Çin'in Afrika Boynuzu'na olan ilgisi neden giderek artıyor?

Somali Savunma Bakanı ve Pekin'in Mogadişu Büyükelçisi güvenlik iş birliğini görüştü.

Somali Savunma Bakanı Hasan Hüseyin Haci, Çin'in Mogadişu Büyükelçisi ile yaptığı görüşmede. (SONNA)
Somali Savunma Bakanı Hasan Hüseyin Haci, Çin'in Mogadişu Büyükelçisi ile yaptığı görüşmede. (SONNA)
TT

Çin'in Afrika Boynuzu'na olan ilgisi neden giderek artıyor?

Somali Savunma Bakanı Hasan Hüseyin Haci, Çin'in Mogadişu Büyükelçisi ile yaptığı görüşmede. (SONNA)
Somali Savunma Bakanı Hasan Hüseyin Haci, Çin'in Mogadişu Büyükelçisi ile yaptığı görüşmede. (SONNA)

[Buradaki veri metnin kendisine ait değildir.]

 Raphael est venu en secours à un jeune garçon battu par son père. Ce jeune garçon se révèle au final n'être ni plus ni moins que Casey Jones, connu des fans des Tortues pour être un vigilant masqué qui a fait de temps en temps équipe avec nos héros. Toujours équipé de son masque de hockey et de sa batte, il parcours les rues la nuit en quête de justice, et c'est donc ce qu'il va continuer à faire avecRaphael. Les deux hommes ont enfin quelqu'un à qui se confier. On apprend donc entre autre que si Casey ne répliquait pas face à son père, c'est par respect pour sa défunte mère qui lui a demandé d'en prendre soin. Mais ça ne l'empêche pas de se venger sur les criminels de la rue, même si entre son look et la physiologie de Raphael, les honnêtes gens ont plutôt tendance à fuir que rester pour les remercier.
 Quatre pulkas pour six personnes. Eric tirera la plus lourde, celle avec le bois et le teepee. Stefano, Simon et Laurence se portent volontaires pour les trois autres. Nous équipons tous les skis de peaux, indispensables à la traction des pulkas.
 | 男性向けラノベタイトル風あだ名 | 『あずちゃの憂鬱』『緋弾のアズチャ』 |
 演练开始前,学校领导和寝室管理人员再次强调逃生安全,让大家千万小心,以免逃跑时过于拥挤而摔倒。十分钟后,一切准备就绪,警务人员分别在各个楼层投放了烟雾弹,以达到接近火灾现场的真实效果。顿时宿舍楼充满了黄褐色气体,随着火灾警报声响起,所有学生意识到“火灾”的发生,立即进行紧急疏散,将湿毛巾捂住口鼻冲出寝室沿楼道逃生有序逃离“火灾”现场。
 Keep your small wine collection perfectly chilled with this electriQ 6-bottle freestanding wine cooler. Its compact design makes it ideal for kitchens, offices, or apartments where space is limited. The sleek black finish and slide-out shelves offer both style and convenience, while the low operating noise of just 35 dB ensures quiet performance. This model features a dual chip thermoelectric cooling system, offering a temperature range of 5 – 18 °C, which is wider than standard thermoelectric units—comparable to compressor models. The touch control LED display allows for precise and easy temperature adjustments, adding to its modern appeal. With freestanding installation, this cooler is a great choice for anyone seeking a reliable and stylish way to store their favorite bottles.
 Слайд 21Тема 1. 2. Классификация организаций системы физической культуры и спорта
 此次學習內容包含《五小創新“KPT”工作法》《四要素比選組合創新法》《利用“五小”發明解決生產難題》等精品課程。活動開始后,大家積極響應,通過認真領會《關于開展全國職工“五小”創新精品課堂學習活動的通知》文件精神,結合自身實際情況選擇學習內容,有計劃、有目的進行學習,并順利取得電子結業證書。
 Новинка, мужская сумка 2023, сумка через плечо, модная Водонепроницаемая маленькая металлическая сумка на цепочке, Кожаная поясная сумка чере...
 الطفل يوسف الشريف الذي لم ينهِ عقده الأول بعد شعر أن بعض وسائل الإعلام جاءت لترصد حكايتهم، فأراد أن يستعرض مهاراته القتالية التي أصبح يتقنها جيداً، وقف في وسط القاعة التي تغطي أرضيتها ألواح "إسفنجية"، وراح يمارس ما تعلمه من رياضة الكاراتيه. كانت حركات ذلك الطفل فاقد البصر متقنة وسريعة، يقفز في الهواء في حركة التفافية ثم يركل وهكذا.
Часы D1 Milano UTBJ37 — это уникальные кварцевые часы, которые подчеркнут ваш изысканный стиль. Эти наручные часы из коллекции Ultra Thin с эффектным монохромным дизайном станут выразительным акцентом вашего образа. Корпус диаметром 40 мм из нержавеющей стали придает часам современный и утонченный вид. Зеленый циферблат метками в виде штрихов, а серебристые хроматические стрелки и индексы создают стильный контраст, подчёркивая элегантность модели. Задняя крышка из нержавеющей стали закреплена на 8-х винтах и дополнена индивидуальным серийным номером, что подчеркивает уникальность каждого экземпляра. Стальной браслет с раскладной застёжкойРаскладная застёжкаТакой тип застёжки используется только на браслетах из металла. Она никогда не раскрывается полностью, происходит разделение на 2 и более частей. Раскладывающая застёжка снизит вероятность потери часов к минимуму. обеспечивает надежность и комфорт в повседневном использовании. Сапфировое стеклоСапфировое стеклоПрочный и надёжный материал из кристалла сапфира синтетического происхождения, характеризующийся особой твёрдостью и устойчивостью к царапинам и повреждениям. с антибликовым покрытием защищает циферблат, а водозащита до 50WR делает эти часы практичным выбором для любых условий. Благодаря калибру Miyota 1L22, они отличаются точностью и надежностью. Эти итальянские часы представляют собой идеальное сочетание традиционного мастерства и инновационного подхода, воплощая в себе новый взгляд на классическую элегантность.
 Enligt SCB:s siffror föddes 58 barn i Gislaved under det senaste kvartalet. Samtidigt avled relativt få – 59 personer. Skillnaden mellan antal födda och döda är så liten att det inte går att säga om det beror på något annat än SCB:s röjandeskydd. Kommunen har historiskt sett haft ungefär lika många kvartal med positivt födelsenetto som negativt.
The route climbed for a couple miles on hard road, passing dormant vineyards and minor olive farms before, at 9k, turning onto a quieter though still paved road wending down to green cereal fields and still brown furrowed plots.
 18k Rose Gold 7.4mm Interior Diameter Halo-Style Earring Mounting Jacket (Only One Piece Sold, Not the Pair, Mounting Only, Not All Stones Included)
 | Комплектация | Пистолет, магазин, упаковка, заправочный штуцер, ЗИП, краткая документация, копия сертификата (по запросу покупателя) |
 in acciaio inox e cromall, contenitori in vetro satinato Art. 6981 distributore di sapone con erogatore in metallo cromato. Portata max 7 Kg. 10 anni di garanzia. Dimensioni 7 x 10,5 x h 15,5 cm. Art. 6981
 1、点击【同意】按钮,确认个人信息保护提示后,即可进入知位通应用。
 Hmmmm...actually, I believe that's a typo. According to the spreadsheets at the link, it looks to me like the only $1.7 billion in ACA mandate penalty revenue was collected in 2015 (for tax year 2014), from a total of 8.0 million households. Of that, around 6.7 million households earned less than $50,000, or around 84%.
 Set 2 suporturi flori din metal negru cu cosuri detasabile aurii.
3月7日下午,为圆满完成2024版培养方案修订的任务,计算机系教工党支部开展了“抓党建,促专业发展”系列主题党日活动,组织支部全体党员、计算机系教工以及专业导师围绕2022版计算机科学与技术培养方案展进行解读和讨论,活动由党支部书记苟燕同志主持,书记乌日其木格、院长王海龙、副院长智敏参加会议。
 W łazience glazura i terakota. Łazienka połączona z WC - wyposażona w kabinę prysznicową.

Çin, özellikle Etiyopya ile Somali arasındaki mevcut gerginliğin ardından bölgenin karşı karşıya kaldığı zorluklar ve Gazze Şeridi'ndeki savaşın arka planında Yemen'deki Husilerin Babu’l Mendeb’deki ticari gemileri hedef almasının bir sonucu olarak Kızıldeniz'de uluslararası seyrüsefere yönelik artan tehditler ışığında Pekin için stratejik öneme sahip olan Afrika Boynuzu’nda siyasi, ekonomik ve güvenlik konusunda varlığını ortaya koyma yönünde adımlar atıyor. Bazı uzmanlar Çin'in Afrika Boynuzu’na olan ilgisinin ‘stratejik ve ekonomik nedenleri’ olduğuna inanıyor. Uzmanlar, “Çin, Afrika Boynuzu’ndaki gerilimin hızını azaltmaya çalışıyor” görüşünde.

Çin'in Afrika Boynuzu ile ilişkilerini güçlendirme çabaları kapsamında Somali Savunma Bakanı Hasan Hüseyin Haci, Çin'in Somali Büyükelçisi’ni Changshao'da kabul etti. Şarku’l Avsat’ın Somali resmi haber ajansı SONNA’dan aktardığı habere göre görüşmede ‘iki hükümet arasındaki güvenlik ve savunma iş birliğinin güçlendirilmesi’ ele alındı. Çin Büyükelçisi, ‘ülkesinin Somali'ye her düzeyde desteğinin devam edeceği’ sözünü verirken, Somali Savunma Bakanı da Çin hükümetine Somali'ye verdiği ‘sürekli destek’ için teşekkür ve takdirlerini dile getirdi.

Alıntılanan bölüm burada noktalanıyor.